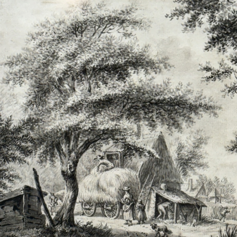 Tekening, gewassen inkt op papier. Voorstelling van een boerderij met hooiwagen. Ongesigneerd, Hollandse School 19e eeuw.
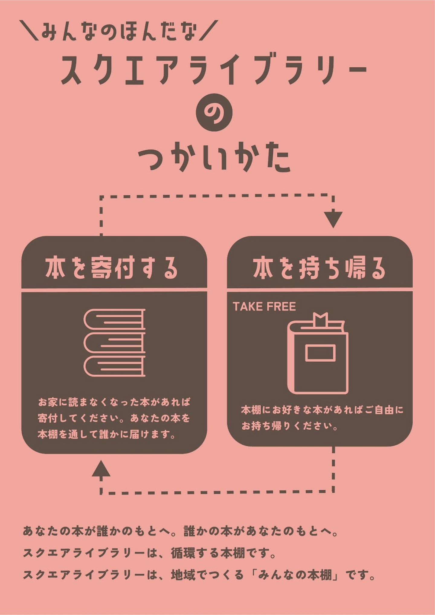 お家に眠っている本を棚に置けば、誰かの手に渡り、また誰かの新しいページがめくられていく。逆に、自分が気になった本を見つけたら、自由に持ち帰ることもできます。
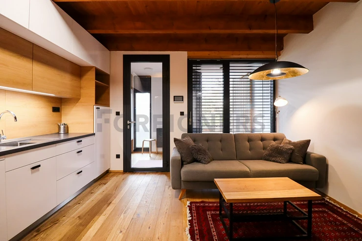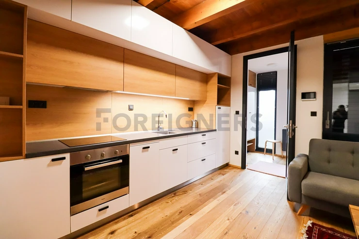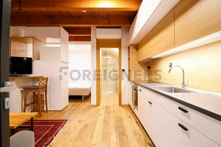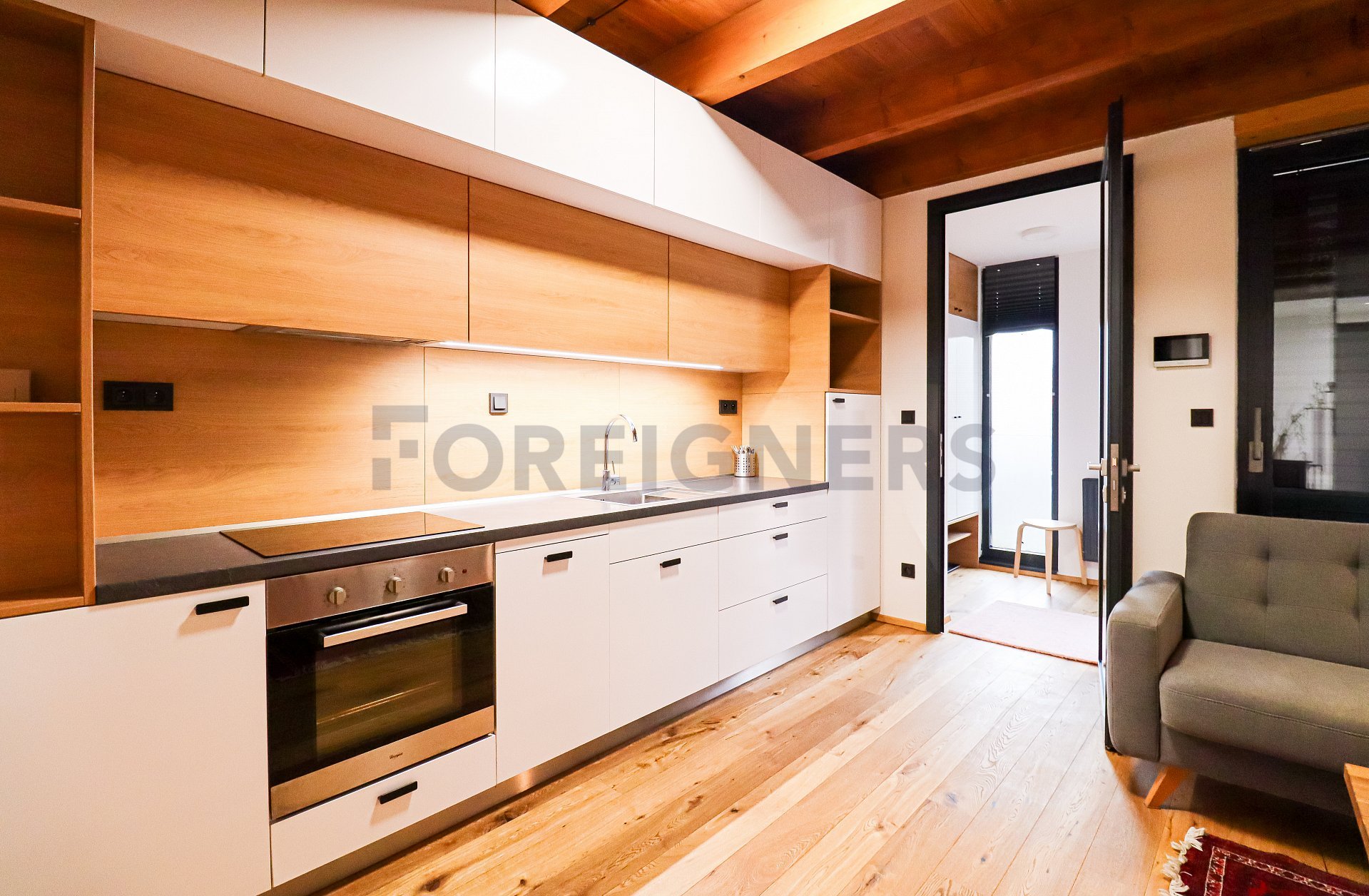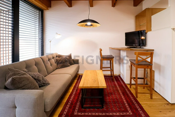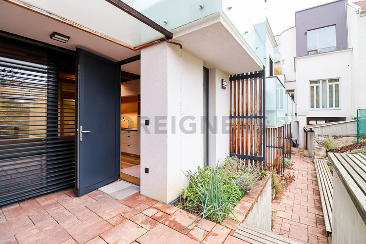 We offer for rent a modern, fully furnished studio apartment (1+kk) with a total area of 35 m², including a private terrace (7 m²) and access to a shared inner courtyard garden, located on Kamenná Street, just a few steps from the new Svratka river promenade.
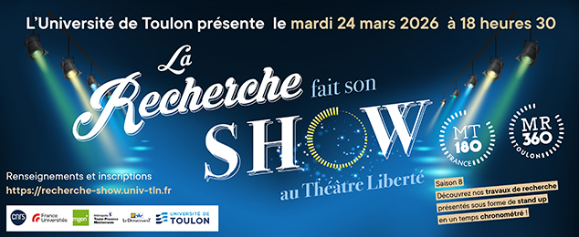 Vous vous demandez sur quoi travaillent nos chercheurs dans les laboratoires de l’Université de Toulon et vous avez un intérêt pour toute forme de science : venez assister à cette saison 8 de « La Recherche fait son show au théâtre Liberté » !
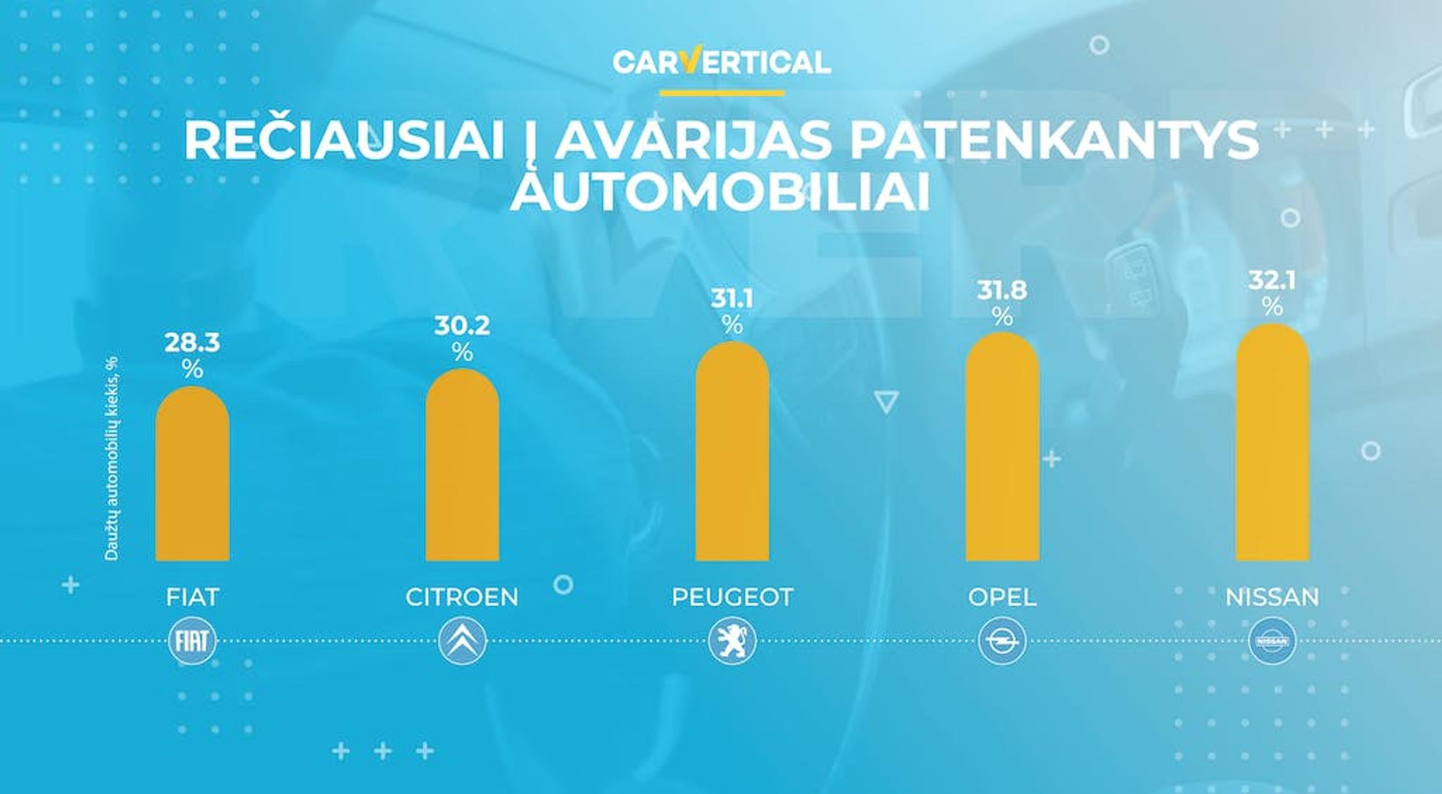 Žemiau esančiame grafike nurodytos penkios automobilių markės, kurios, pagal carVertical ataskaitų duomenis, turi didžiausią ankstesnių eismo įvykių tikimybę. Atkreipkite dėmesį į dažniausiai į modelius, nes visi automobiliai turi skirtingas charakteristikas ir yra mėgiami skirtingų vairuotojų.

───

= Work request =
Each record should be printed exactly as it appears, leaving the pictures out.

= Output of the task =
 Tekening, gewassen inkt op papier. Voorstelling van een boerderij met hooiwagen. Ongesigneerd, Hollandse School 19e eeuw.
 お家に眠っている本を棚に置けば、誰かの手に渡り、また誰かの新しいページがめくられていく。逆に、自分が気になった本を見つけたら、自由に持ち帰ることもできます。
 We offer for rent a modern, fully furnished studio apartment (1+kk) with a total area of 35 m², including a private terrace (7 m²) and access to a shared inner courtyard garden, located on Kamenná Street, just a few steps from the new Svratka river promenade.
 Vous vous demandez sur quoi travaillent nos chercheurs dans les laboratoires de l’Université de Toulon et vous avez un intérêt pour toute forme de science : venez assister à cette saison 8 de « La Recherche fait son show au théâtre Liberté » !
 Žemiau esančiame grafike nurodytos penkios automobilių markės, kurios, pagal carVertical ataskaitų duomenis, turi didžiausią ankstesnių eismo įvykių tikimybę. Atkreipkite dėmesį į dažniausiai į modelius, nes visi automobiliai turi skirtingas charakteristikas ir yra mėgiami skirtingų vairuotojų.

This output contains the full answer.